In 2015, revised diagnostic criteria were proposed by The International Panel for NMO Diagnosis (IPND). These guidelines are different depending on the AQP4 IgG antibody status of the person. The diagnostic requirements are more stringent in those without AQP4-IgG, and require 2 core clinical characteristics, one of which has to be optic neuritis, acute myelitis with longitudinally extensive transverse myelitis (LETM), or lesions in certain areas of the brain that cause typical NMOSD syndromes. Those who are AQP4-IgG positive require just one core clinical characteristic.
They also determined a set of “red flags” that do not exclude NMOSD if present, but may indicate another diagnosis. Some of these red flags include: a very short (less than 4 hours) or very long (more than 4 weeks) time to the worst part of an attack, and presence of oligoclonal bands in the cerebrospinal fluid.
They also give a list of neuroimaging characteristics of NMO, which include LETM, a lesion in the central part of the cord, and certain NMOSD-typical brain lesion patterns.
The IPND also stated that the characteristics of pediatric NMOSD are similar to adult NMOSD, and the proposed criteria can generally be used in this population, although they note that a LETM lesion is not as specific for NMOSD in children as it is in adults because LETM can occur in 15% of children with MS, and can occur in ADEM.
Furthermore, they note that 5-10% of NMOSD cases are monophasic, but note that it is unclear what criteria indicate that someone will maintain a monophasic disease course. They recommend that someone be considered to have monophasic NMOSD only after they have been relapse free for five or more years, but those who are AQP4-IgG positive should be considered to be at high risk for recurrence regardless of the length of time between attacks. A test for anti-MOG should be done as well.

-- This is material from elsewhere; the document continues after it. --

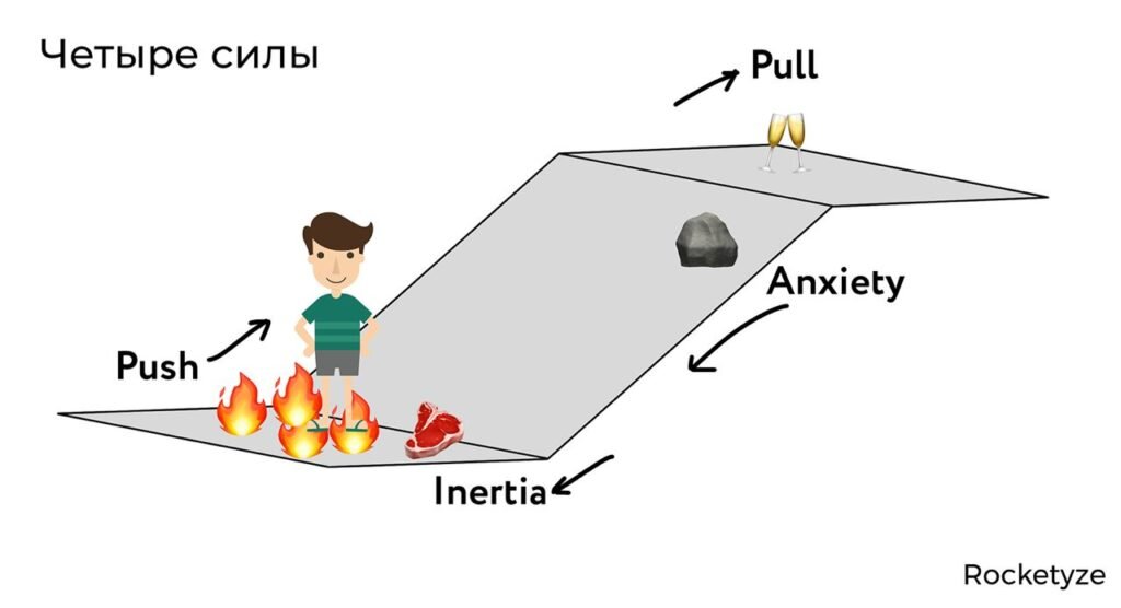 В JTBD есть такая штука — “4 силы”. Это силы, которые влияют на потребителя, когда он переключается с одного продукта на другой: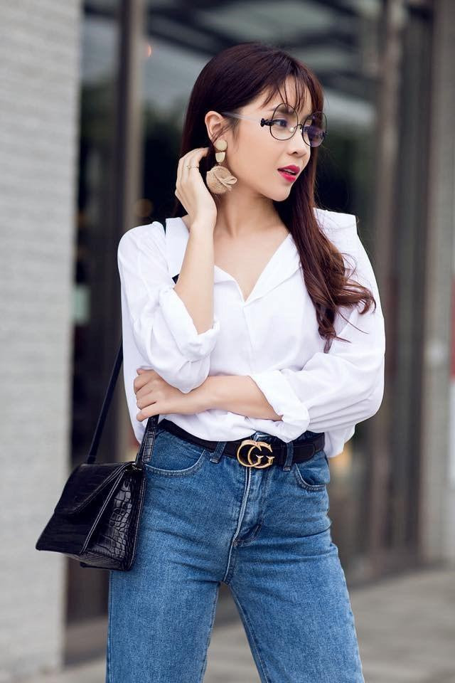 Cũng chiếc thắt lưng ấy, nếu như kết hợp với áo sơ mi trắng, quần jeans suông rộng như Lưu Hương Giang chẳng hạn, trông sẽ tôn dáng hơn nhiều. Vẫn đảm bảo sự gọn gàng, năng động cho một cô kỹ sư điện nước mà lại giúp Nam nhìn thon thả, hiện đại hơn hẳn.

Diagnostic criteria for NMOSD with AQP4-IgG
- At least 1 core clinical characteristic
- Positive test for AQP4-IgG using best available detection method (cell-based assay strongly recommended)
- Exclusion of alternative diagnoses
Diagnostic criteria for NMOSD without AQP4-IgG or unknown AQP4-IgG status
- At least 2 core clinical characteristic occurring as a result of one or more clinical attacks and meeting all of the following requirement:
- At least 1 core clinical characteristic must be optic neuritis, acute myelitis with LETM, or area postrema syndrome
- Dissemination in space (2 or more core clinical characteristic)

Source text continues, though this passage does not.